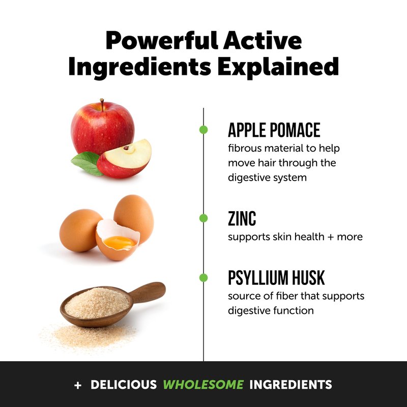 - MADE WITH NATURAL & PREMIUM INGREDIENTS LIKE APPLE POMACE, ZINC, AND PSYLLIUM HUSK: Hairball Support chews are filled with health-supporting ingredients you can trust. Apple Pomace helps maintain a healthy digestive system. Zinc helps maintain skin health, supports the immune system and cognition, and supports other key benefits! Psyllium Husk is frequently used in hairball and digestion products to support bowel function and health.
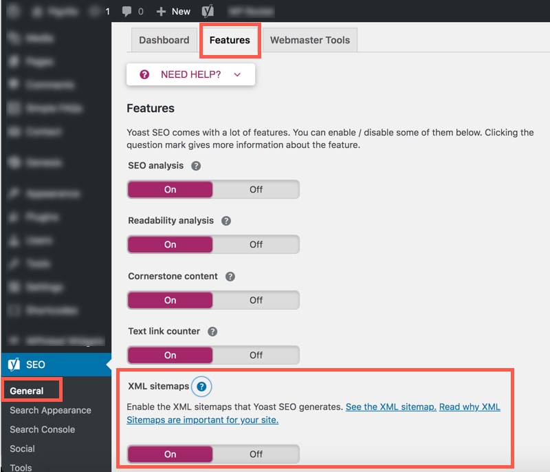 Once you have installed the plugin and configured it, you can confirm the XML sitemap feature is on by going to the “General” tab and then the “Features” tab. You can also view the XML sitemap here.
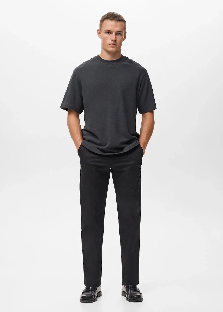 Vestibilità comoda. 100% cotone. Tessuto con microstruttura. Girocollo. Maniche corte. Collo, maniche e orlo a costine. Orlo dritto.
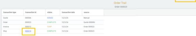 While analyzing the information on the order trail tab, you may decide that more information is needed. Not a problem, click on the hyperlinked transaction number or ID on the screen to be immediately navigated to that transaction in inquiry mode.
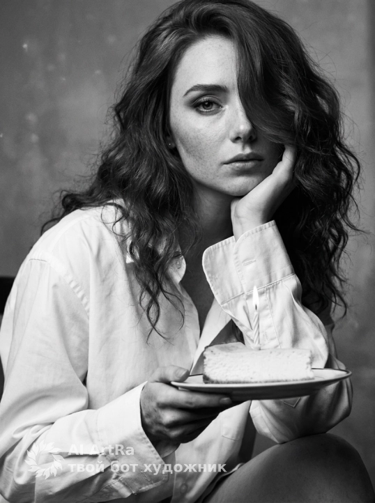 Создай портрет, Не меняя черты лица. , экстремально близкий чёрно-белый кадр с кинематографическим эффектом. Контраст на фото повышен, создавая драматическое освещение и глубокие тени, что подчеркивает выразительные черты лица. Женщина одета в свободную белую мужскую рубашку оверсайз, сидя расслабленно, слегка наклонённая вперёд, с локтями на коленях. Её волосы волнистые создавая мягкие волны, часть из которых закрывает одно из её глаз, добавляя асимметричности и загадочности в композицию.в руке она держит тарелку с кусочком чизкейка , с одной горящей свечкой.
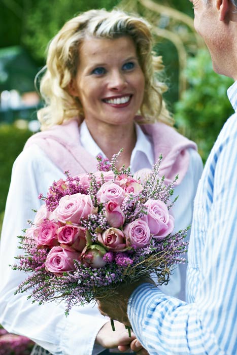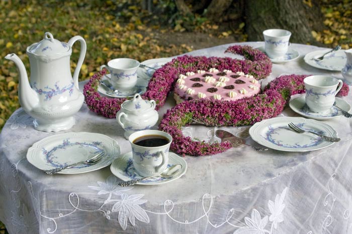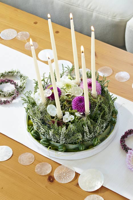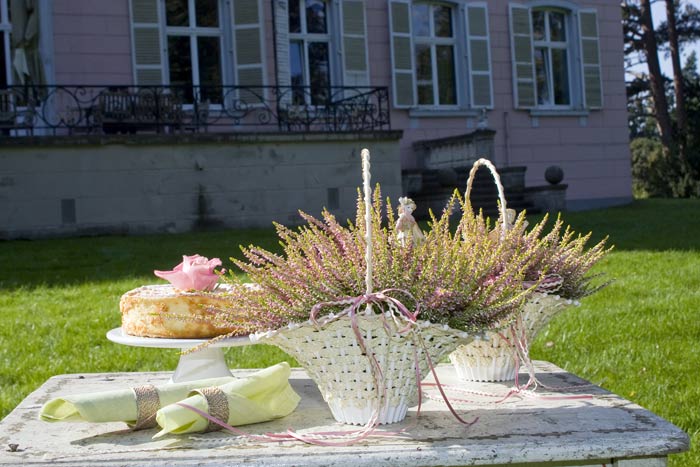 Zu Taufen oder Hochzeiten sind zarte Dekorationen in Weiß oder Rosa immer wieder besonders gefragt. Bei den vielfältigen Heidepflanzen hat man dabei die Wahl zwischen vielen, zum jeweiligen Anlass passenden Farben: von Schneeweiß bis Creme oder von Lachsfarben über Rosa bis zu Violett. Die feingliedrigen Erika- oder Callunenzweige unterstützen das festliche Ambiente als Gesteck, aber auch als Kranz oder zu Schnörkeln verarbeitet. Wickelt man die Zweige sehr eng, ergeben sich klare, moderne Formen. Legt man die Zweige locker umeinander, erhält man verspieltere Elemente. Besonders angesagt: Heide in Kombination mit Vintage-Geschirr.
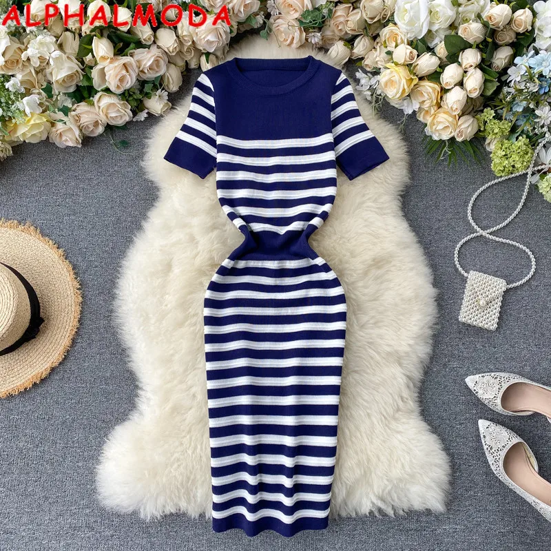 Женское Повседневное трикотажное платье ALPHALMODA, летнее винтажное платье в полоску с короткими рукавами

- TASK REQUIREMENTS
Although the records contain pictures, the output must hold only their exact wording.

- WRITTEN RESPONSE
 - MADE WITH NATURAL & PREMIUM INGREDIENTS LIKE APPLE POMACE, ZINC, AND PSYLLIUM HUSK: Hairball Support chews are filled with health-supporting ingredients you can trust. Apple Pomace helps maintain a healthy digestive system. Zinc helps maintain skin health, supports the immune system and cognition, and supports other key benefits! Psyllium Husk is frequently used in hairball and digestion products to support bowel function and health.
 Once you have installed the plugin and configured it, you can confirm the XML sitemap feature is on by going to the “General” tab and then the “Features” tab. You can also view the XML sitemap here.
 Vestibilità comoda. 100% cotone. Tessuto con microstruttura. Girocollo. Maniche corte. Collo, maniche e orlo a costine. Orlo dritto.
 While analyzing the information on the order trail tab, you may decide that more information is needed. Not a problem, click on the hyperlinked transaction number or ID on the screen to be immediately navigated to that transaction in inquiry mode.
 Создай портрет, Не меняя черты лица. , экстремально близкий чёрно-белый кадр с кинематографическим эффектом. Контраст на фото повышен, создавая драматическое освещение и глубокие тени, что подчеркивает выразительные черты лица. Женщина одета в свободную белую мужскую рубашку оверсайз, сидя расслабленно, слегка наклонённая вперёд, с локтями на коленях. Её волосы волнистые создавая мягкие волны, часть из которых закрывает одно из её глаз, добавляя асимметричности и загадочности в композицию.в руке она держит тарелку с кусочком чизкейка , с одной горящей свечкой.
 Zu Taufen oder Hochzeiten sind zarte Dekorationen in Weiß oder Rosa immer wieder besonders gefragt. Bei den vielfältigen Heidepflanzen hat man dabei die Wahl zwischen vielen, zum jeweiligen Anlass passenden Farben: von Schneeweiß bis Creme oder von Lachsfarben über Rosa bis zu Violett. Die feingliedrigen Erika- oder Callunenzweige unterstützen das festliche Ambiente als Gesteck, aber auch als Kranz oder zu Schnörkeln verarbeitet. Wickelt man die Zweige sehr eng, ergeben sich klare, moderne Formen. Legt man die Zweige locker umeinander, erhält man verspieltere Elemente. Besonders angesagt: Heide in Kombination mit Vintage-Geschirr.
 Женское Повседневное трикотажное платье ALPHALMODA, летнее винтажное платье в полоску с короткими рукавами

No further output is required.